(INFORMATION SUPPLIED)
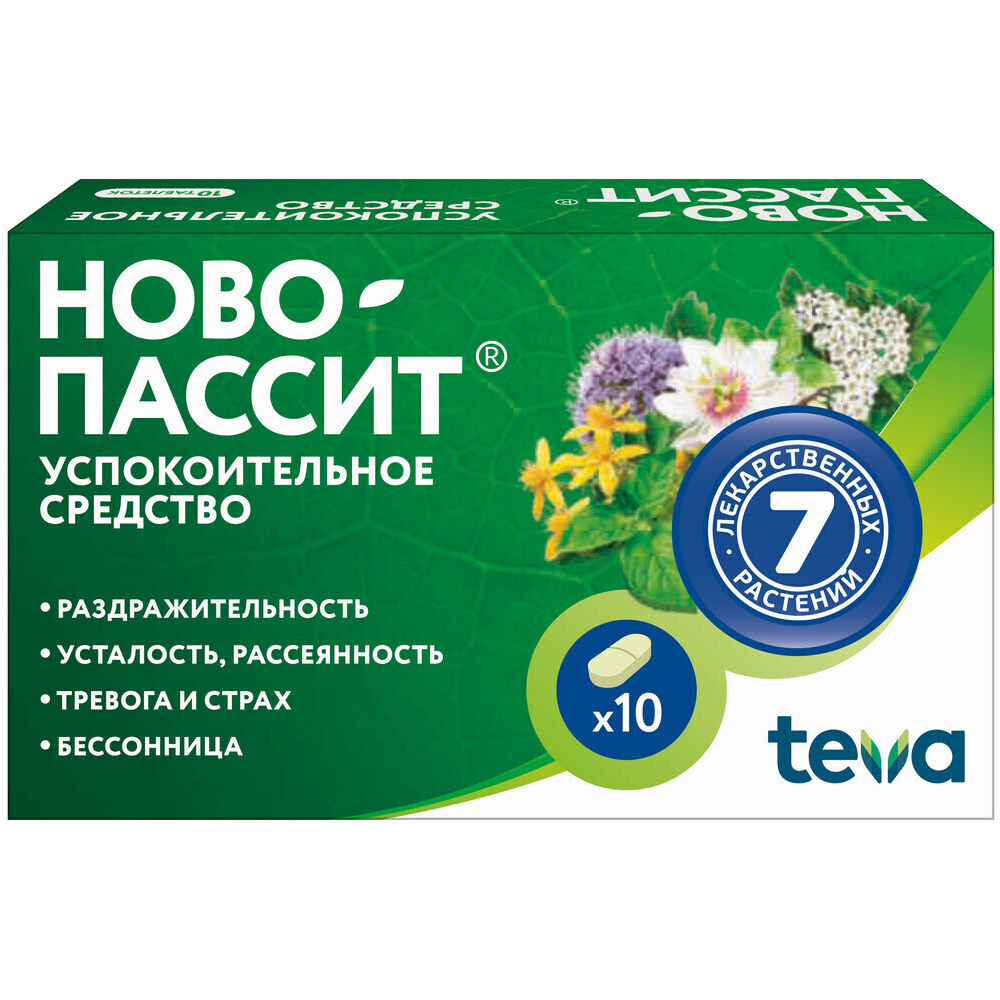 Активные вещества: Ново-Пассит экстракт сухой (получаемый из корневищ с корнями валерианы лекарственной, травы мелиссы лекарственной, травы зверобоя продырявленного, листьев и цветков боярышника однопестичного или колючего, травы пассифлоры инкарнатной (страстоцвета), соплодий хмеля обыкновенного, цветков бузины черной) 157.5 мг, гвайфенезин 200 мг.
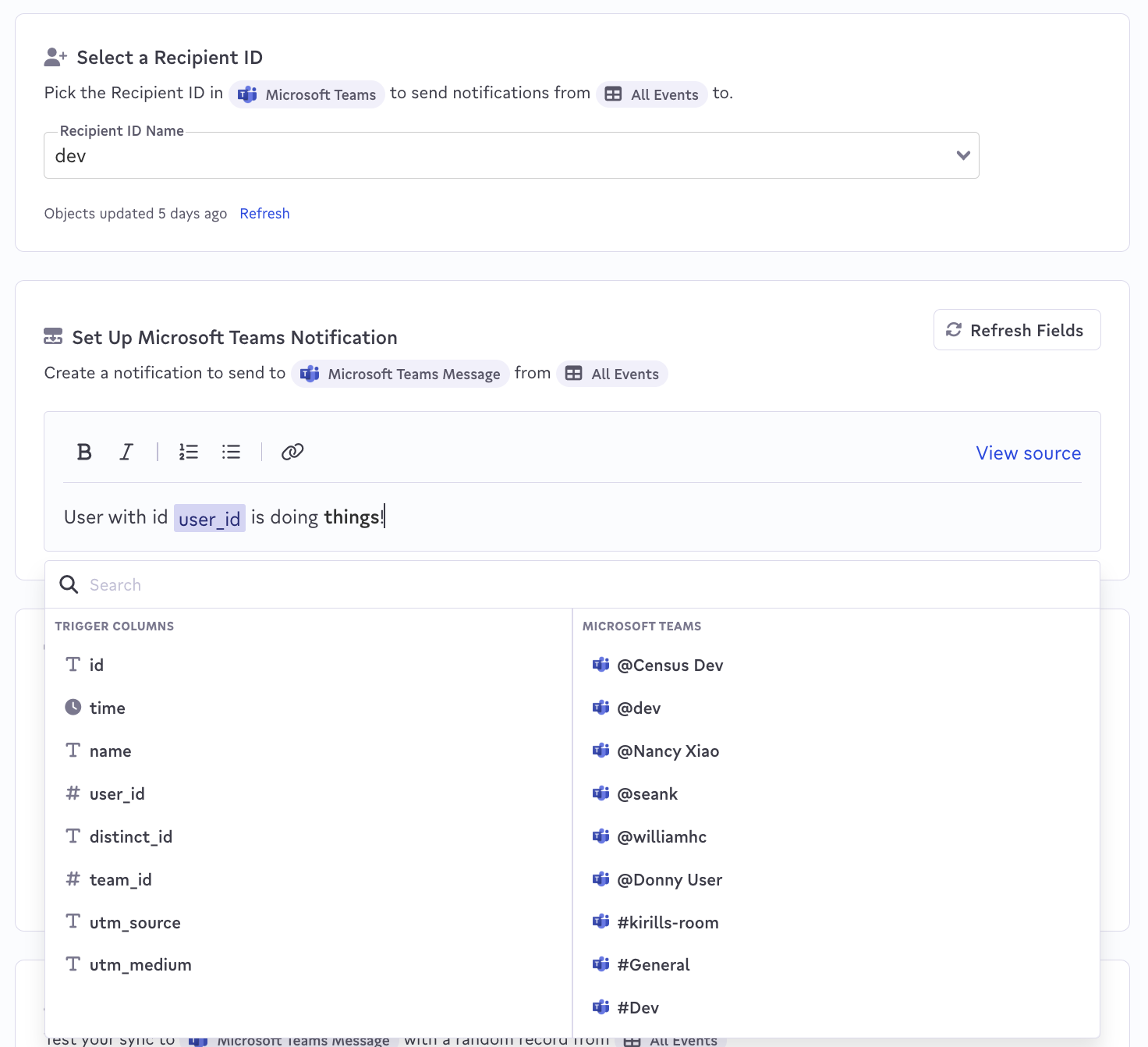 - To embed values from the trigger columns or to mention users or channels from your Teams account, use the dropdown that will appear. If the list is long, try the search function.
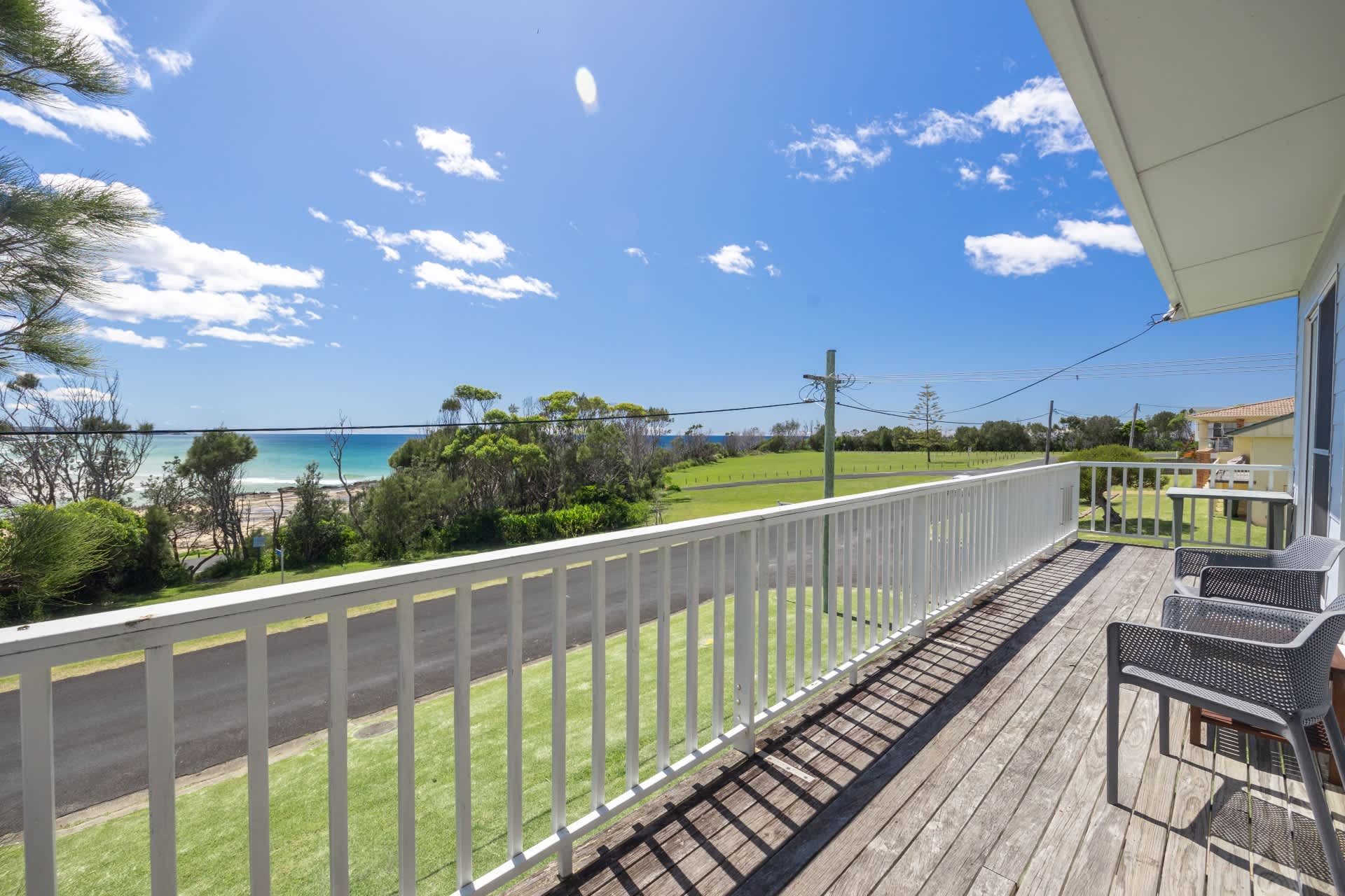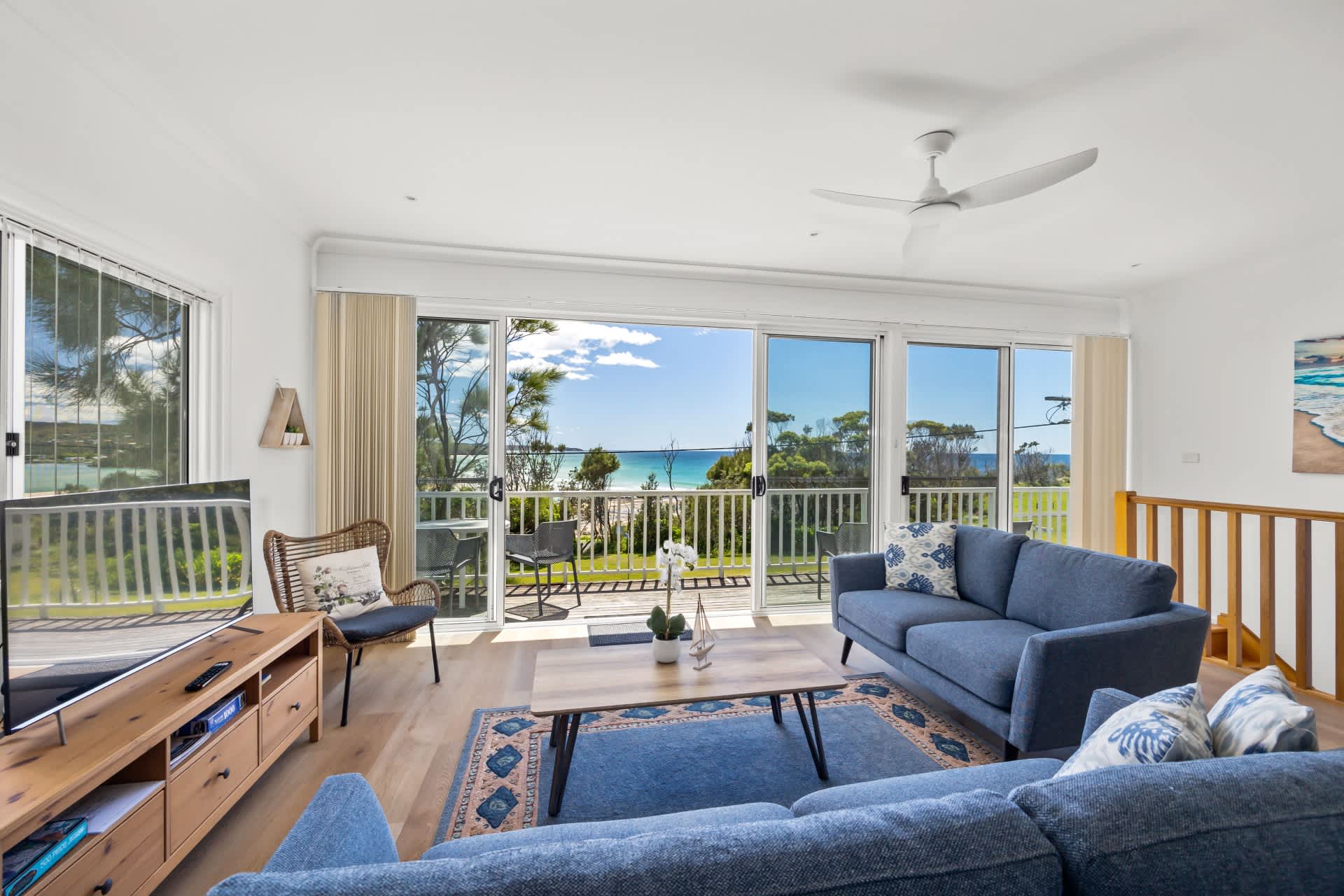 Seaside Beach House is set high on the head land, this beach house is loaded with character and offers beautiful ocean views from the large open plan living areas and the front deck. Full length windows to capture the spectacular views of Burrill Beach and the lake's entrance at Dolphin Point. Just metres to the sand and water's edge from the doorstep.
(End INFORMATION SUPPLIED)
(INFORMATION SUPPLIED)
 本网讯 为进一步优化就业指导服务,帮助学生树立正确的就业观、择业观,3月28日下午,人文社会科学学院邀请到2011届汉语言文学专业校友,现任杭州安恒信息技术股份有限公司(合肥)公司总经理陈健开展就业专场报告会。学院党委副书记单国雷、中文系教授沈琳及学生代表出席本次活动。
(End INFORMATION SUPPLIED)
§ **WHAT TO WORK ON**
Find where the line with "Активные вещества: Ново-Пассит" sits in the material above and where the line with "- To embed values" sits. Set down exactly the lines from the first to the second, both included and nothing else, without pictures.

§ **OUTPUT OF THE EXERCISE**
 Активные вещества: Ново-Пассит экстракт сухой (получаемый из корневищ с корнями валерианы лекарственной, травы мелиссы лекарственной, травы зверобоя продырявленного, листьев и цветков боярышника однопестичного или колючего, травы пассифлоры инкарнатной (страстоцвета), соплодий хмеля обыкновенного, цветков бузины черной) 157.5 мг, гвайфенезин 200 мг.
 - To embed values from the trigger columns or to mention users or channels from your Teams account, use the dropdown that will appear. If the list is long, try the search function.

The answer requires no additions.